Computer Science ›› 2021, Vol. 48 ›› Issue (8): 291-299.doi: 10.11896/jsjkx.210100148

• Information Security • Previous Articles     Next Articles

Incomplete Information Game Theoretic Analysis to Defend Fingerprinting

LI Shao-hui, ZHANG Guo-min, SONG Li-hua, WANG Xiu-lei   

  1. Army Engineering University,Nanjing 210000,China
  • Received:2021-01-09 Revised:2021-03-29 Published:2021-08-10
  • About author:LI Shao-hui,born in 1994,postgra-duate.His main research interests include cyberspace security and information system security.( Guo-min,born in 1979,Ph.D,associate professor.His main research interests include cyberspace security and network management.
  • Supported by:
    Natural Science Youth Foundation of Jiangsu Province(BK20200582).

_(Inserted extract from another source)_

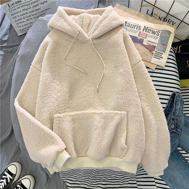 Autumn Winter New Arrival Women's Loose Long Sleeve Pullover Solid Blue Velvet Cashmere Hoodie Sweatshirt Thick Warm Coat Casual

Abstract: Fingerprinting,which is an important part of reconnaissance,the first stage of network attack killing chain,is the prerequisite of successful implementation of network attack.The promotion of the concept of active defense,especially deception defense,encourages the defenders to confuse the attackers by means of fingerprint information hiding and obfuscation,thus reducing the effectiveness of their network reconnaissance.Therefore,the defenders can obtain a certain first-mover advantage in the confrontation,and the confrontation of both sides is also advanced to the stage of reconnaissance.Deception is the strategic confrontation between the rational agents of both sides,game theory is a quantitative science to study the conflict and cooperation between rational decision players.It can model the players and actions of various defensive deception,and guide the defenders to make better use of deception technology.In this paper,the dynamic game model with incomplete information is used to analyze the interactive process from reconnaissance to attack.The possible perfect Bayesian Nash equilibrium are analyzed and calculated,and the equilibrium are discussed based on different scenarios.Suggestions are put forward for the defenders to optimize the deceptive strategy to achieve better anti-fingerprinting effect.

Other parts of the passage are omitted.